▸ **Exercise directions**:
Under this line are records; the part from the line containing "2022年,受困于整体营收的" through the line containing "根据沈阳诚信发展集团有限公司" should be repeated exactly. Please exclude pictures.

▸ **Extracted material**:
== == ==
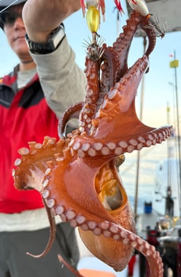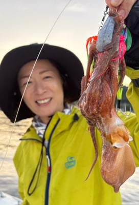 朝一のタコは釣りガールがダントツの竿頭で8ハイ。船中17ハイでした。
== == ==
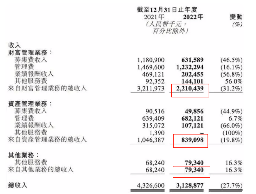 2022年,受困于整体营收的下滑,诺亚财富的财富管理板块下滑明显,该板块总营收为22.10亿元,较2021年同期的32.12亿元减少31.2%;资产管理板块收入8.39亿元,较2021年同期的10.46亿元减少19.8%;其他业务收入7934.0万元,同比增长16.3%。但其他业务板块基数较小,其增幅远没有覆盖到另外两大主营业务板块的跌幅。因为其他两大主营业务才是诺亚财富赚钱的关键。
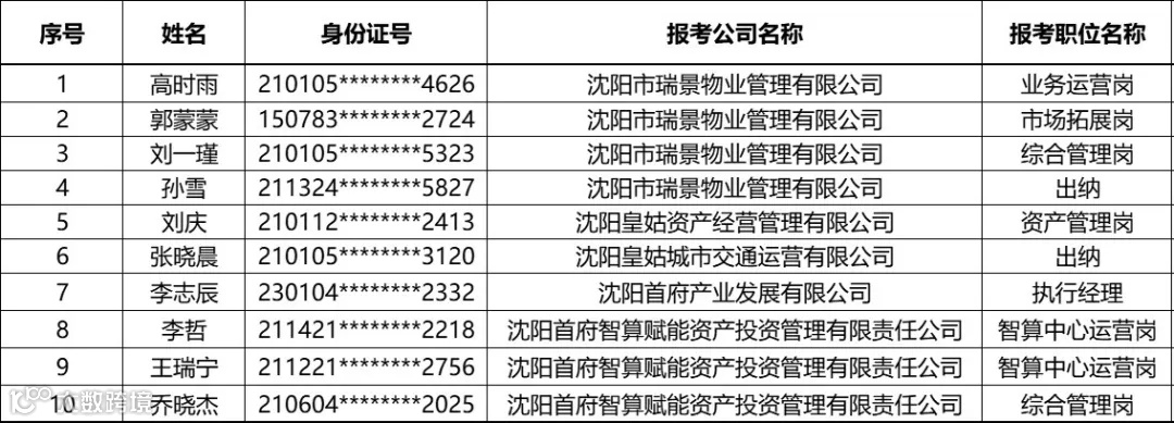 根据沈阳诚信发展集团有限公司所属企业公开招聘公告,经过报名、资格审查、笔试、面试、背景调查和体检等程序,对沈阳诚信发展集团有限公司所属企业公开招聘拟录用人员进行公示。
== == ==
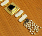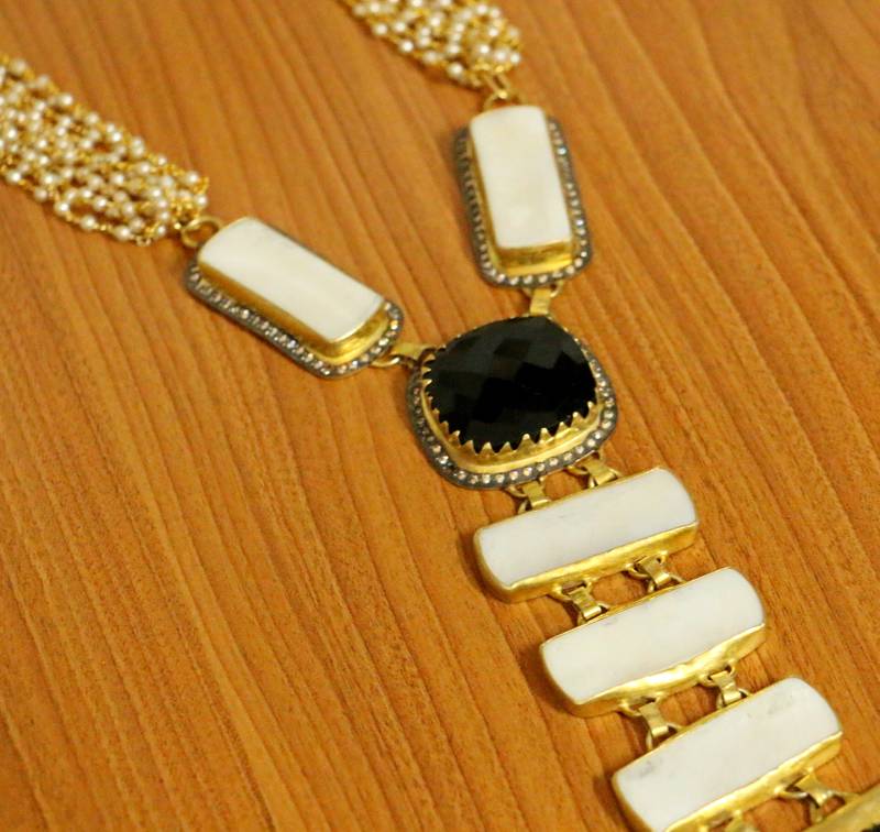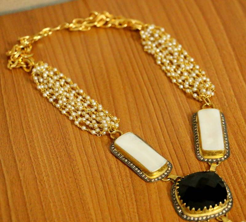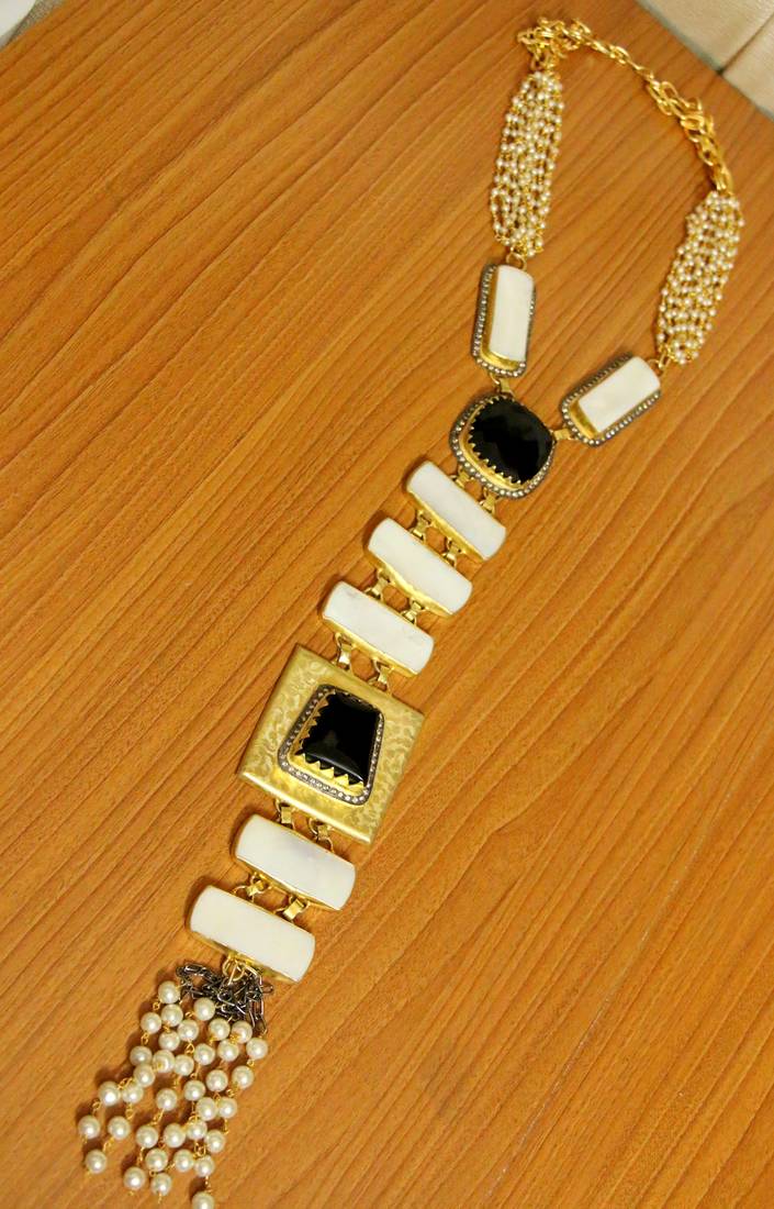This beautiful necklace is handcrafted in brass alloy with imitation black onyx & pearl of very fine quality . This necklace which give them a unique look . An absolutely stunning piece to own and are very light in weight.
== == ==
▸ **Written answer**:
 2022年,受困于整体营收的下滑,诺亚财富的财富管理板块下滑明显,该板块总营收为22.10亿元,较2021年同期的32.12亿元减少31.2%;资产管理板块收入8.39亿元,较2021年同期的10.46亿元减少19.8%;其他业务收入7934.0万元,同比增长16.3%。但其他业务板块基数较小,其增幅远没有覆盖到另外两大主营业务板块的跌幅。因为其他两大主营业务才是诺亚财富赚钱的关键。
 根据沈阳诚信发展集团有限公司所属企业公开招聘公告,经过报名、资格审查、笔试、面试、背景调查和体检等程序,对沈阳诚信发展集团有限公司所属企业公开招聘拟录用人员进行公示。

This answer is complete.